- _TASK INSTRUCTIONS_
Please transcribe the entries that follow exactly as they stand, skipping each picture.

- _PROVIDED RECORDS_

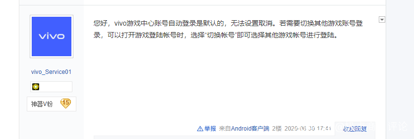 對這一點,“vivo_Service01”曾在2020年6月30日,回覆網友“如何取消vivo遊戲中心賬號自動登錄”問題時明確表示:vivo遊戲中心賬號自動登錄是默認的,無法設置取消。“vivo_Service01”為vivo貼吧官方客服,目前發帖16.7萬,都是與vivo相關內容。
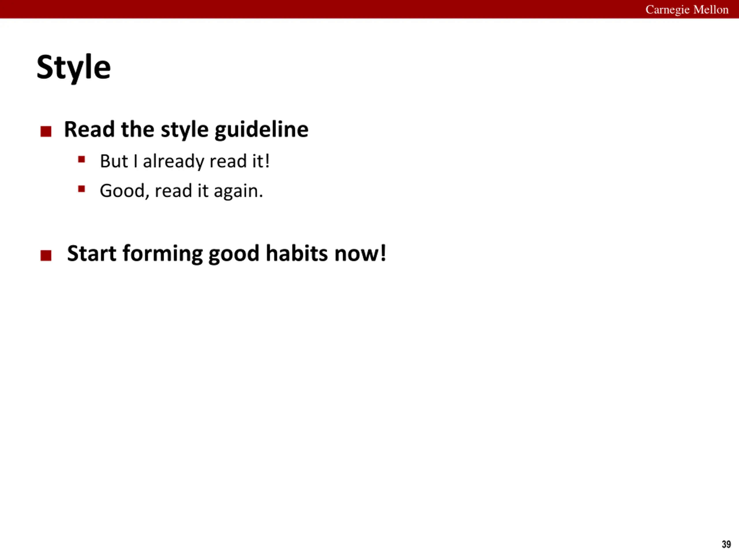 Carnegie Mellon Style Read the style guideline But I already read it! Good, read it again. Start forming good habits now! 39
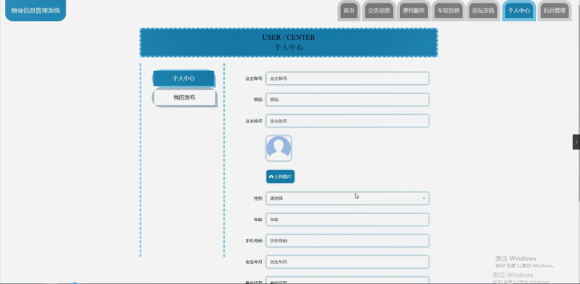 个人中心,在个人中心页面通过填写业主账号、密码、业主姓名、上传图片、性别、年龄、手机号码、出生年月、身份证号、门牌号等内容进行更新信息操作,并根据需要对我的发布进行详细操作;如图5-5所示。
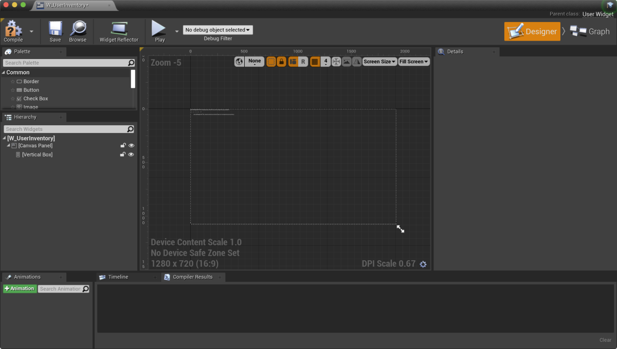 Content Browser and create aUI directory and, in the contextual menu, go toUser Interface > Widget Blueprint . - In the widget blueprint, add the following UI elements:
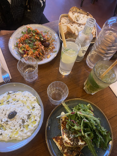 Had some time to kill before attending a concert, we found this spot nearby and I'm so glad we did! We went right around 5:30 and basically had the whole place to ourselves. But it was still a fun and lively atmosphere with staff and guests mingling, it made it feel cozy. I know if I lived in Paris I would come to this place often! We had the Thai Salad dish, the House Tzatziki and the Grilled Halloumi with a basket of bread. We each had a cocktail and our bill was still under 50 euro! Can't beat that!!! Everything was delicious, not a crumb left at the end of the meal. If you find yourself in the area,...
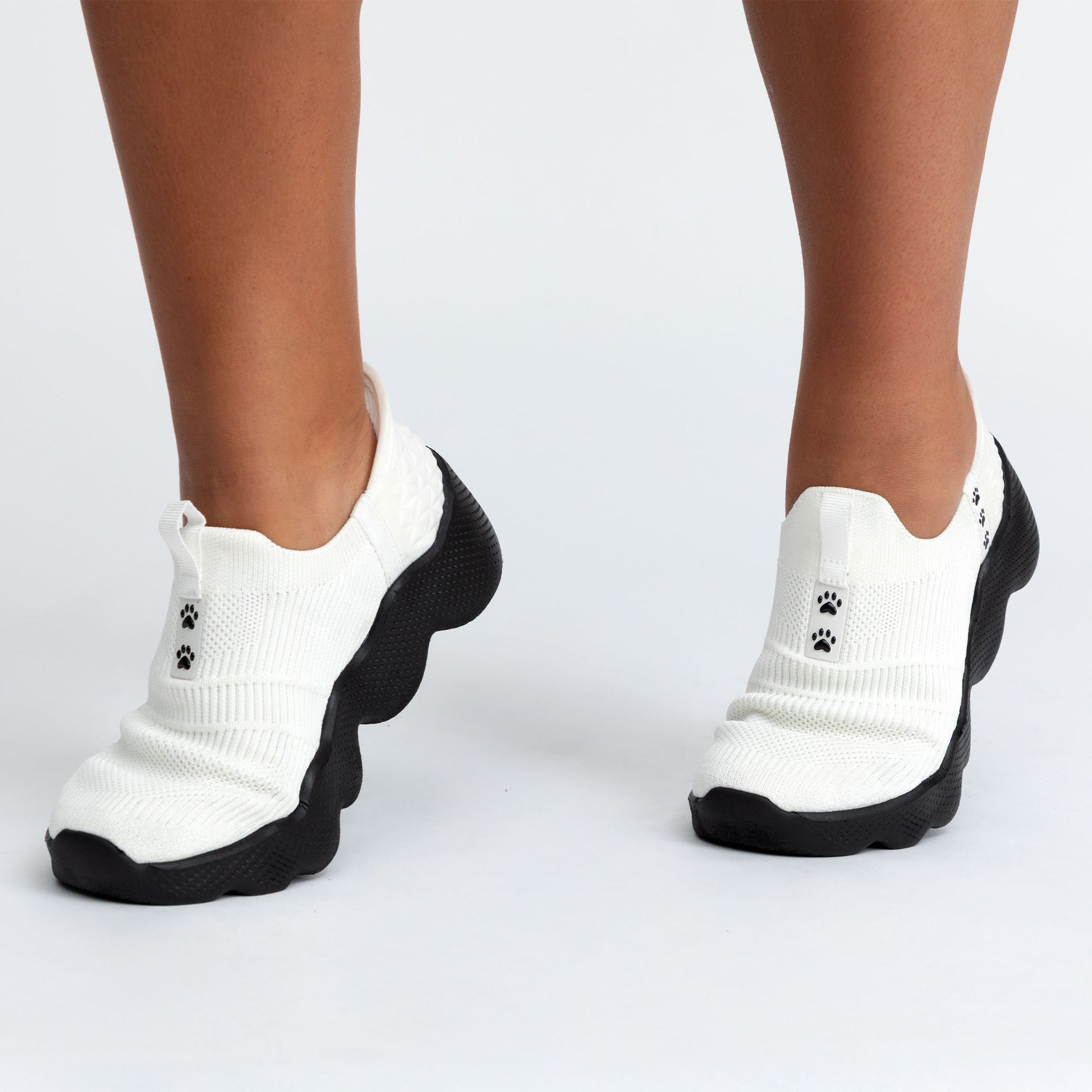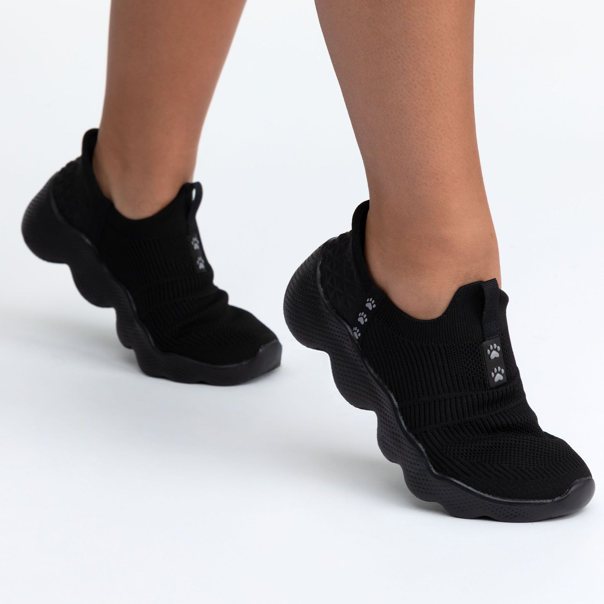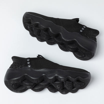 Step into effortless comfort with these ultra-lightweight shoes featuring a flexible knit upper that conforms to your foot for a snug, breathable fit. Designed for hands-free convenience, the slide-in/step-in design makes them perfect for your on-the-go lifestyle. The durable PVC outsole provides deep traction and excellent support, while the adorable paw prints on the top and side add a touch of animal charm. Perfect for everyday wear, these shoes combine style, comfort, and practicality.
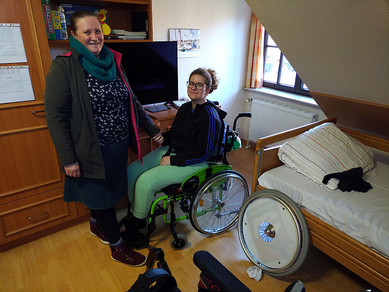 von Carsten: Abholung von Stephanie im Pflegezentrum, wobei ihr alter Rolli noch repariert wird (Reifen rechts) und siegerade in einem Testrolli sitzt, der aber dem entspricht, welcher (hoffentlich) im April geliefert werden soll.
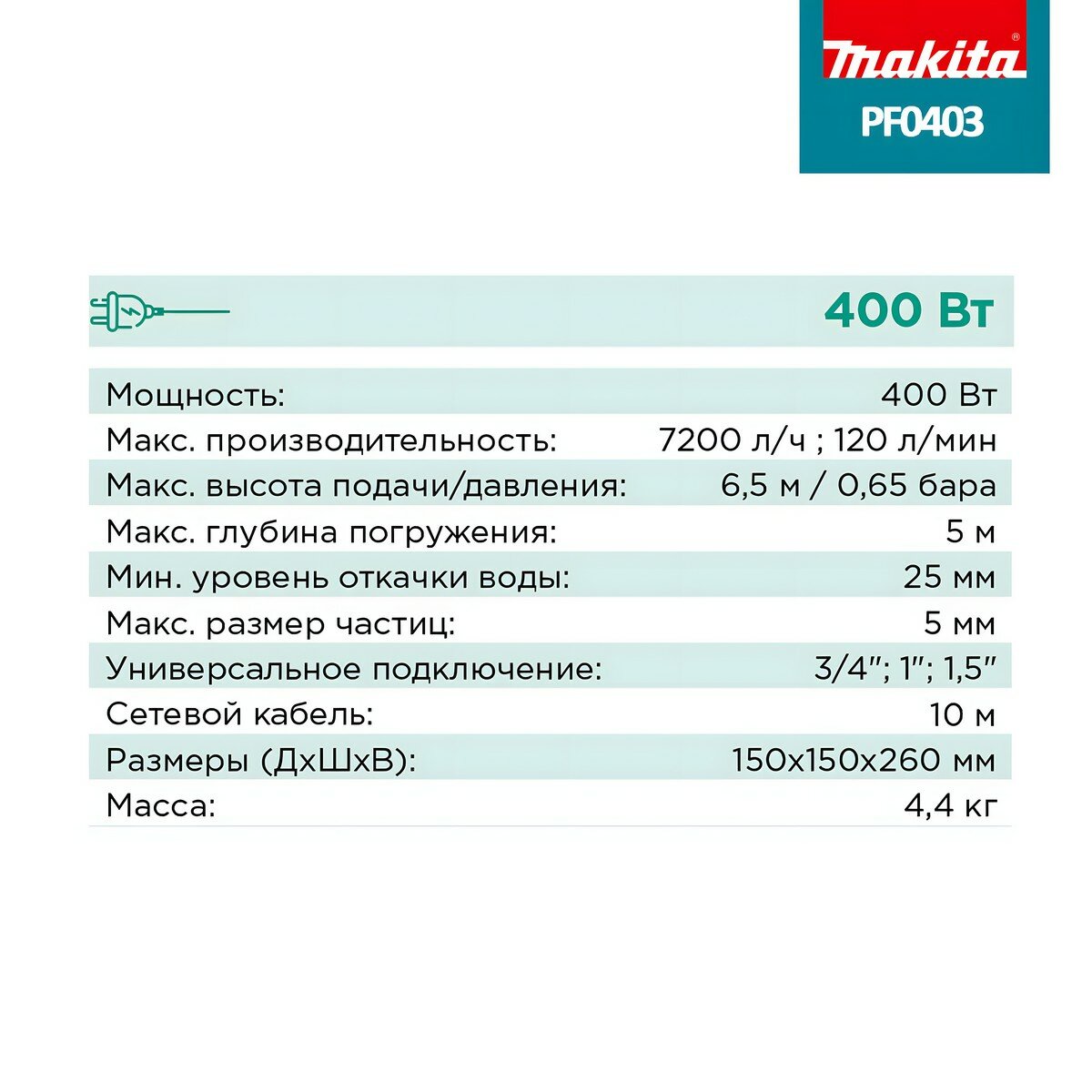 Насос дренажный Makita PF0403 7.2 куб. м/час 400 Вт

- _SOLUTION BELOW_
 對這一點,“vivo_Service01”曾在2020年6月30日,回覆網友“如何取消vivo遊戲中心賬號自動登錄”問題時明確表示:vivo遊戲中心賬號自動登錄是默認的,無法設置取消。“vivo_Service01”為vivo貼吧官方客服,目前發帖16.7萬,都是與vivo相關內容。
 Carnegie Mellon Style Read the style guideline But I already read it! Good, read it again. Start forming good habits now! 39
 个人中心,在个人中心页面通过填写业主账号、密码、业主姓名、上传图片、性别、年龄、手机号码、出生年月、身份证号、门牌号等内容进行更新信息操作,并根据需要对我的发布进行详细操作;如图5-5所示。
 Content Browser and create aUI directory and, in the contextual menu, go toUser Interface > Widget Blueprint . - In the widget blueprint, add the following UI elements:
 Had some time to kill before attending a concert, we found this spot nearby and I'm so glad we did! We went right around 5:30 and basically had the whole place to ourselves. But it was still a fun and lively atmosphere with staff and guests mingling, it made it feel cozy. I know if I lived in Paris I would come to this place often! We had the Thai Salad dish, the House Tzatziki and the Grilled Halloumi with a basket of bread. We each had a cocktail and our bill was still under 50 euro! Can't beat that!!! Everything was delicious, not a crumb left at the end of the meal. If you find yourself in the area,...
 Step into effortless comfort with these ultra-lightweight shoes featuring a flexible knit upper that conforms to your foot for a snug, breathable fit. Designed for hands-free convenience, the slide-in/step-in design makes them perfect for your on-the-go lifestyle. The durable PVC outsole provides deep traction and excellent support, while the adorable paw prints on the top and side add a touch of animal charm. Perfect for everyday wear, these shoes combine style, comfort, and practicality.
 von Carsten: Abholung von Stephanie im Pflegezentrum, wobei ihr alter Rolli noch repariert wird (Reifen rechts) und siegerade in einem Testrolli sitzt, der aber dem entspricht, welcher (hoffentlich) im April geliefert werden soll.
 Насос дренажный Makita PF0403 7.2 куб. м/час 400 Вт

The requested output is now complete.